* **EXERCISE REQUIREMENTS**
Transcribe exactly the lines from the one containing "[안성시 세계타임즈=송민수 기자]" through the end of the data, both included. Leave out pictures.

* **SUPPLIED RECORDS**
----------

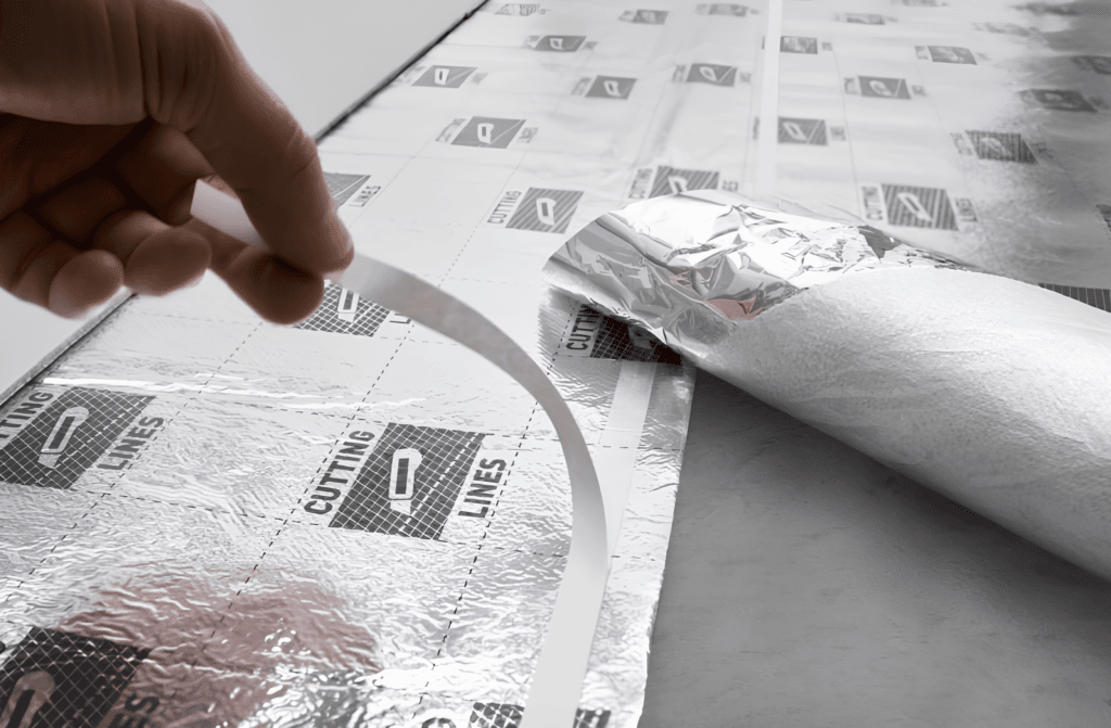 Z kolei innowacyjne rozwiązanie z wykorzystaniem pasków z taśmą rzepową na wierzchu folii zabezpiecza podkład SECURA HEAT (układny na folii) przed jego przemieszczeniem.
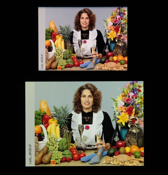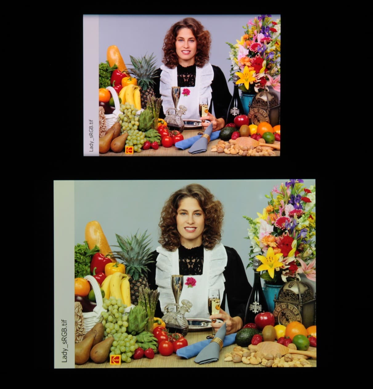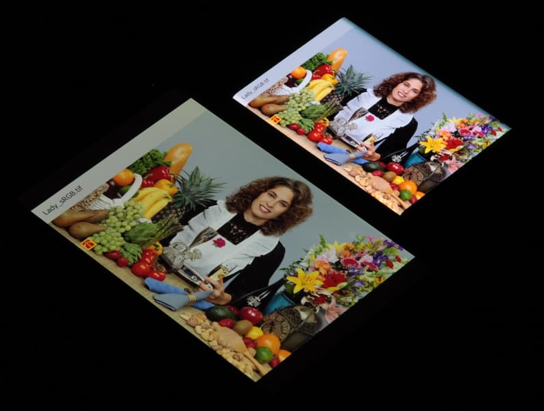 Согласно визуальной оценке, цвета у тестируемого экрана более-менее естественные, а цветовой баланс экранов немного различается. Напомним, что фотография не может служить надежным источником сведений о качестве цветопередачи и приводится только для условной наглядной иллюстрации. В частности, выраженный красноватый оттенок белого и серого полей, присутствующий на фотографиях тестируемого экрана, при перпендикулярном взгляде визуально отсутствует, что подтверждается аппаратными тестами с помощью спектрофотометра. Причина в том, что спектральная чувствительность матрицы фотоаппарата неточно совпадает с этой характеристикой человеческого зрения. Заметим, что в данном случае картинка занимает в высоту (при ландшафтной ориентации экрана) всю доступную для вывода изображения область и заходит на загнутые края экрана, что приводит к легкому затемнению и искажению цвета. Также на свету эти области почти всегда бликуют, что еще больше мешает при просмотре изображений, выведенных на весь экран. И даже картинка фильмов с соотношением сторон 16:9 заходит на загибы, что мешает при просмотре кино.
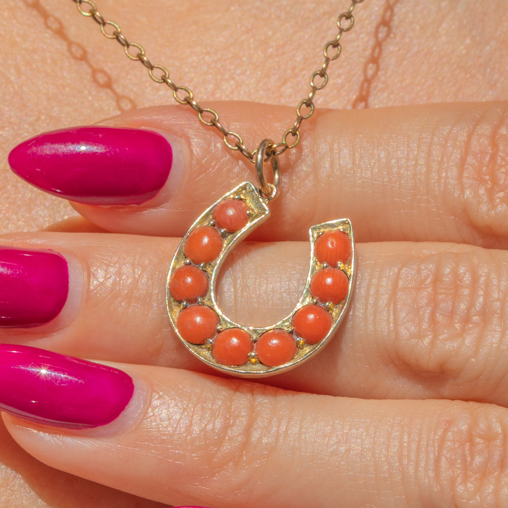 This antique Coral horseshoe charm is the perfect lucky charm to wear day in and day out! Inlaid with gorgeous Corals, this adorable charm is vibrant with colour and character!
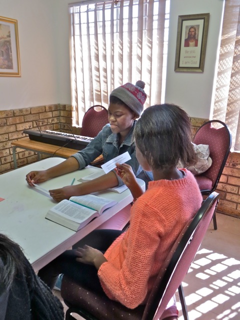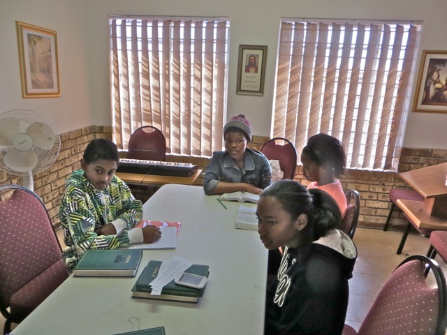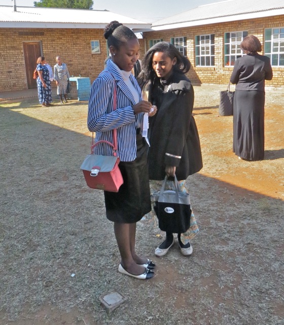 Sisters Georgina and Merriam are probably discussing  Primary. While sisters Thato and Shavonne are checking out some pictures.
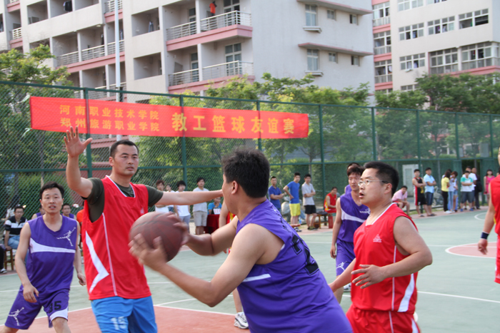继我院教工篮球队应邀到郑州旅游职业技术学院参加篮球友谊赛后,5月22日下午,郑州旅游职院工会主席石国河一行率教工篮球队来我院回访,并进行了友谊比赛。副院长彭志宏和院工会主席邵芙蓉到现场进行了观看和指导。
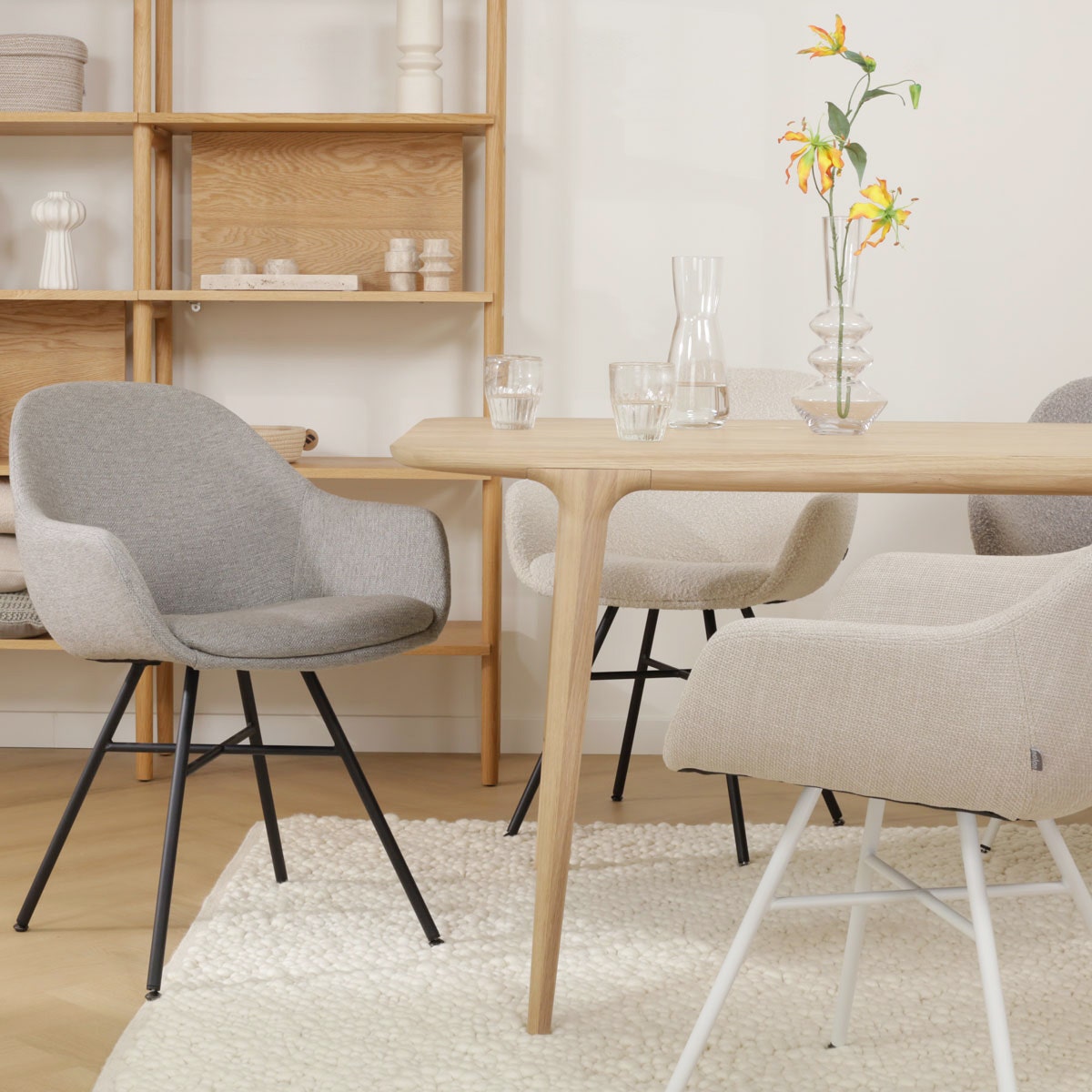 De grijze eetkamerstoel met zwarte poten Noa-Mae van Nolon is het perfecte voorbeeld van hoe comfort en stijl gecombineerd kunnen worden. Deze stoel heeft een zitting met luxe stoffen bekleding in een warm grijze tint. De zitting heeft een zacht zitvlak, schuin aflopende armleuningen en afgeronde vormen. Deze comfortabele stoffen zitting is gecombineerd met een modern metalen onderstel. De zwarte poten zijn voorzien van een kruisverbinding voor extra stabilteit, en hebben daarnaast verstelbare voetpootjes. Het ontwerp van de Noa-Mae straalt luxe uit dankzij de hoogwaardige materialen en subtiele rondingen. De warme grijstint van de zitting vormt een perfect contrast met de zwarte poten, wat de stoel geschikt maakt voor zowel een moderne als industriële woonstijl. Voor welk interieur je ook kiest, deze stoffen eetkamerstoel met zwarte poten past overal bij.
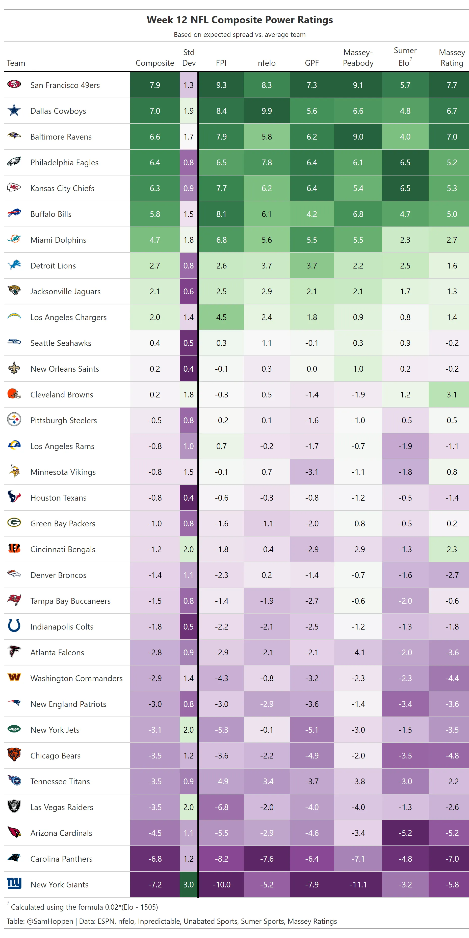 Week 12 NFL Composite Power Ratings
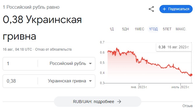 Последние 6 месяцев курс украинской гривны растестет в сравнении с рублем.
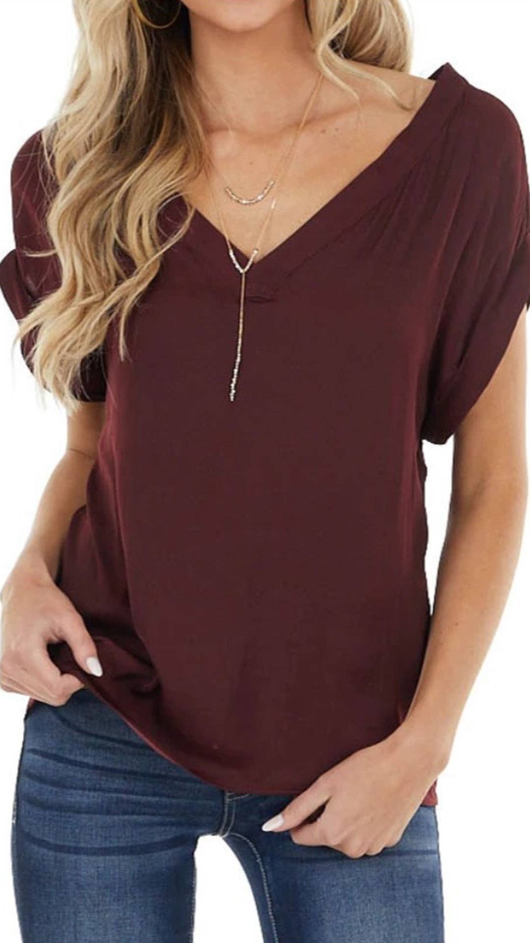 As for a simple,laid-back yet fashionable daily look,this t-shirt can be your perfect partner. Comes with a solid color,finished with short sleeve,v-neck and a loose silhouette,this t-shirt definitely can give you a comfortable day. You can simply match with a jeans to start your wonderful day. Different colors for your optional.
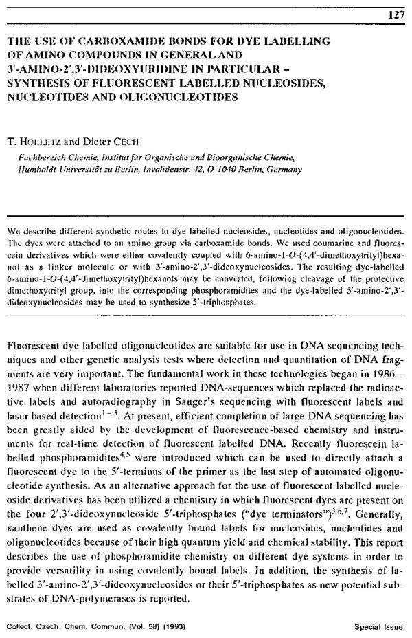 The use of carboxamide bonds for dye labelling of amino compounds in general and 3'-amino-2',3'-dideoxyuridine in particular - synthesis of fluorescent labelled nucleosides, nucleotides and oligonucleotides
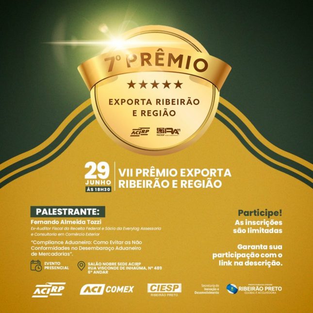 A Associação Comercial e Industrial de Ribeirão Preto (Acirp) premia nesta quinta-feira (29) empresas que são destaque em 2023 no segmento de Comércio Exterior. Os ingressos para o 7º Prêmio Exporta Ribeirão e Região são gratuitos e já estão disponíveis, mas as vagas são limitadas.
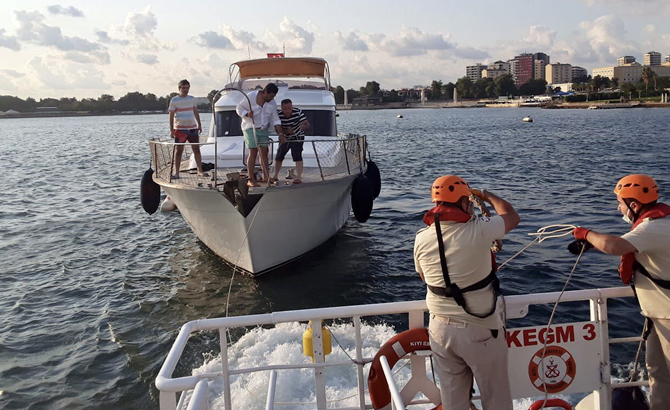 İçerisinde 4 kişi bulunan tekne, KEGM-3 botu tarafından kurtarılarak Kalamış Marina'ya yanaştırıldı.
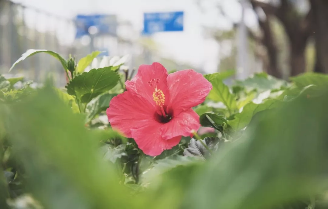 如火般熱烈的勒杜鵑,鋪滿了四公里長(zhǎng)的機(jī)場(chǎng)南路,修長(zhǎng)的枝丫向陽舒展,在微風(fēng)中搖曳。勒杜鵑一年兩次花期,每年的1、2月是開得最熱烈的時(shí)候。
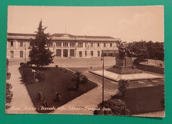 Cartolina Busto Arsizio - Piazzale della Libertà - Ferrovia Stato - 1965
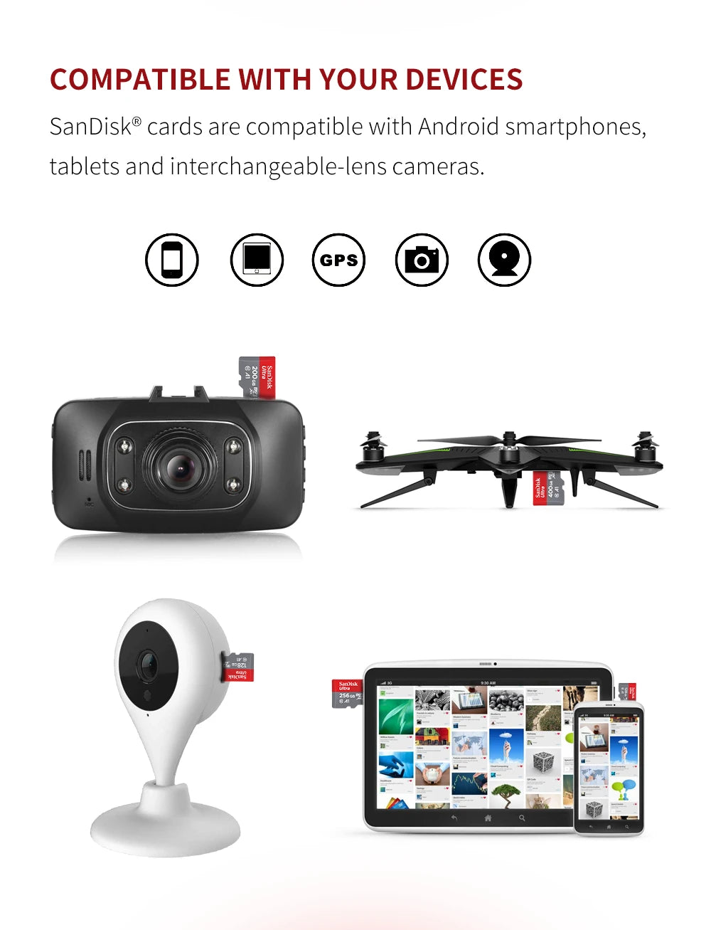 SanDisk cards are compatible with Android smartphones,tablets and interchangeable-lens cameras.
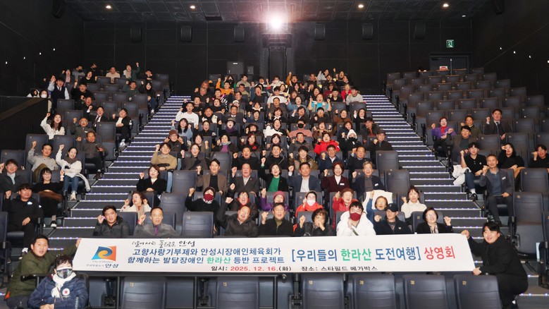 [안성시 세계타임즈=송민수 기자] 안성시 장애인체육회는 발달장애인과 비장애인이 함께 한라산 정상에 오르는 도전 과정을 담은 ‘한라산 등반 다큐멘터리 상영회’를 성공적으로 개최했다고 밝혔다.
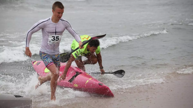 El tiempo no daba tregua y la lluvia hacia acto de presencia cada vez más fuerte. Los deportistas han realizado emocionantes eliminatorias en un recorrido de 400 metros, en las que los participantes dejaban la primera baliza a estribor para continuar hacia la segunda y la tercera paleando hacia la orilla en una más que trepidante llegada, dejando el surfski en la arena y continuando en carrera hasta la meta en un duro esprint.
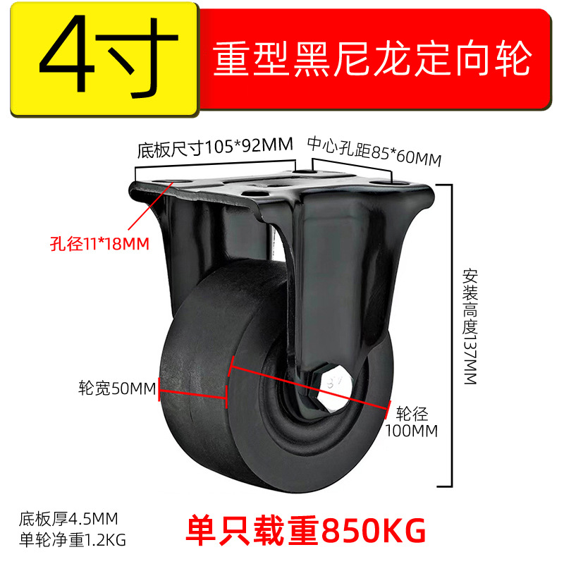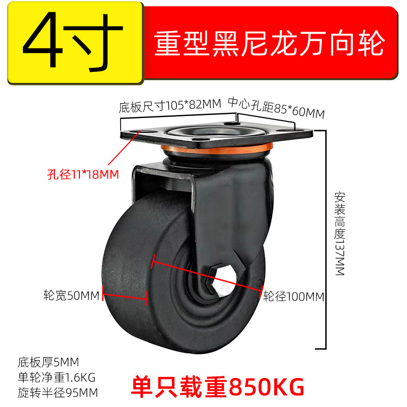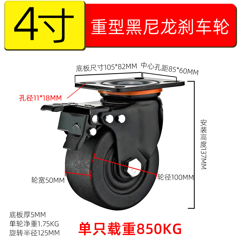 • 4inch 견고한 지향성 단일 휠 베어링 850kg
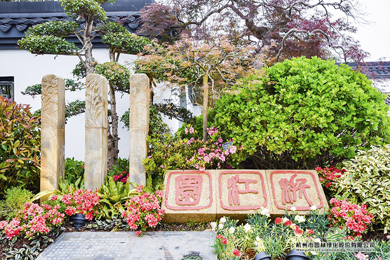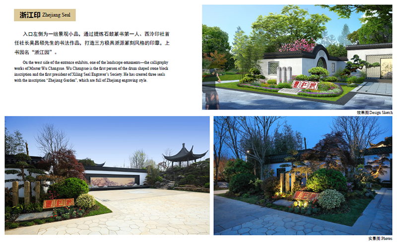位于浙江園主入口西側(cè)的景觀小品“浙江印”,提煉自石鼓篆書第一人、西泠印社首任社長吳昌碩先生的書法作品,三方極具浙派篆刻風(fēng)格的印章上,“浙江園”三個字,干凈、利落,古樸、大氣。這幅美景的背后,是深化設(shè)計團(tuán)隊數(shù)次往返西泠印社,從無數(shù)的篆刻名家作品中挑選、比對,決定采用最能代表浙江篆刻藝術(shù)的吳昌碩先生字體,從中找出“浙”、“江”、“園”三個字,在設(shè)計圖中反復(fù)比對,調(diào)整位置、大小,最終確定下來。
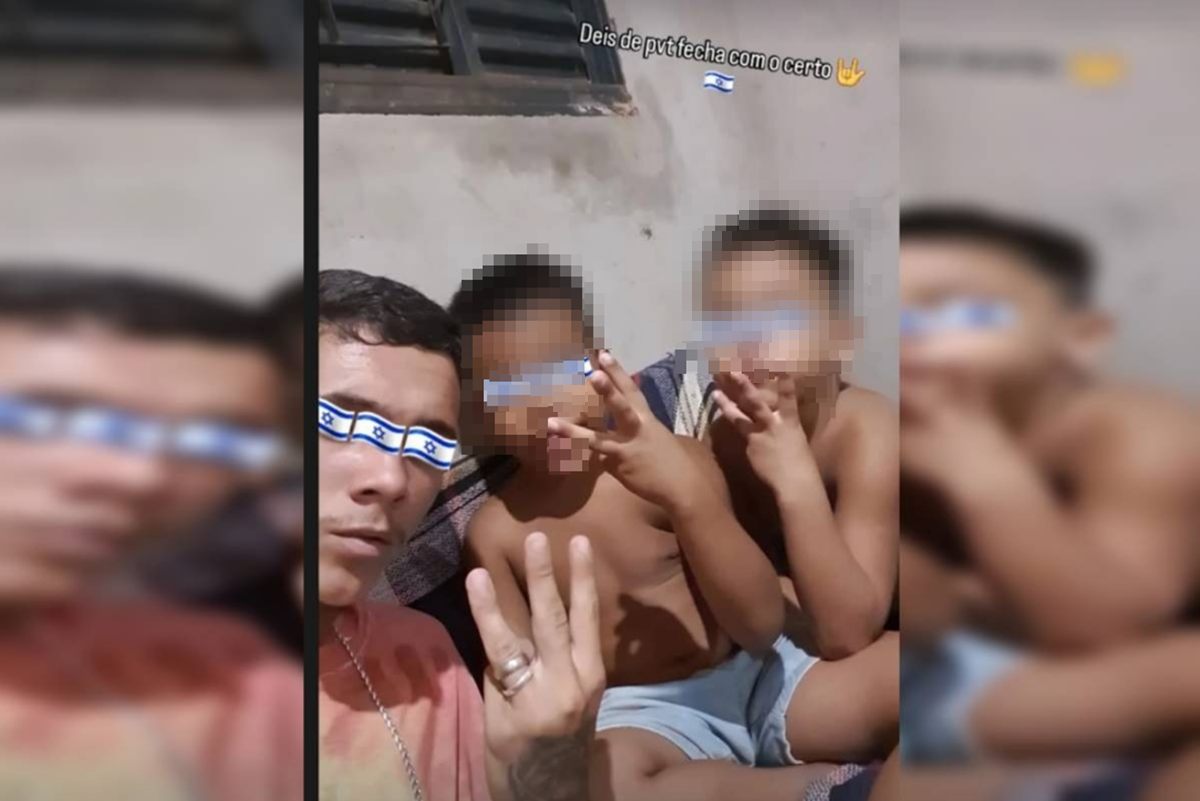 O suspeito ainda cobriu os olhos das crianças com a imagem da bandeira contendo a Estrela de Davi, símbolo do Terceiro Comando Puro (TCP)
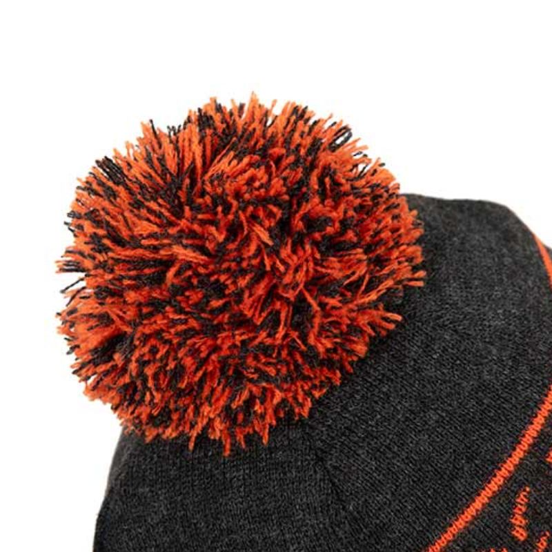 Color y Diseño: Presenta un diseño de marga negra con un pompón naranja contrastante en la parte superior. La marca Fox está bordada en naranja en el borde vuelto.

----------

* **OUTPUT BELOW**
 [안성시 세계타임즈=송민수 기자] 안성시 장애인체육회는 발달장애인과 비장애인이 함께 한라산 정상에 오르는 도전 과정을 담은 ‘한라산 등반 다큐멘터리 상영회’를 성공적으로 개최했다고 밝혔다.
 El tiempo no daba tregua y la lluvia hacia acto de presencia cada vez más fuerte. Los deportistas han realizado emocionantes eliminatorias en un recorrido de 400 metros, en las que los participantes dejaban la primera baliza a estribor para continuar hacia la segunda y la tercera paleando hacia la orilla en una más que trepidante llegada, dejando el surfski en la arena y continuando en carrera hasta la meta en un duro esprint.
 • 4inch 견고한 지향성 단일 휠 베어링 850kg
位于浙江園主入口西側(cè)的景觀小品“浙江印”,提煉自石鼓篆書第一人、西泠印社首任社長吳昌碩先生的書法作品,三方極具浙派篆刻風(fēng)格的印章上,“浙江園”三個字,干凈、利落,古樸、大氣。這幅美景的背后,是深化設(shè)計團(tuán)隊數(shù)次往返西泠印社,從無數(shù)的篆刻名家作品中挑選、比對,決定采用最能代表浙江篆刻藝術(shù)的吳昌碩先生字體,從中找出“浙”、“江”、“園”三個字,在設(shè)計圖中反復(fù)比對,調(diào)整位置、大小,最終確定下來。
 O suspeito ainda cobriu os olhos das crianças com a imagem da bandeira contendo a Estrela de Davi, símbolo do Terceiro Comando Puro (TCP)
 Color y Diseño: Presenta un diseño de marga negra con un pompón naranja contrastante en la parte superior. La marca Fox está bordada en naranja en el borde vuelto.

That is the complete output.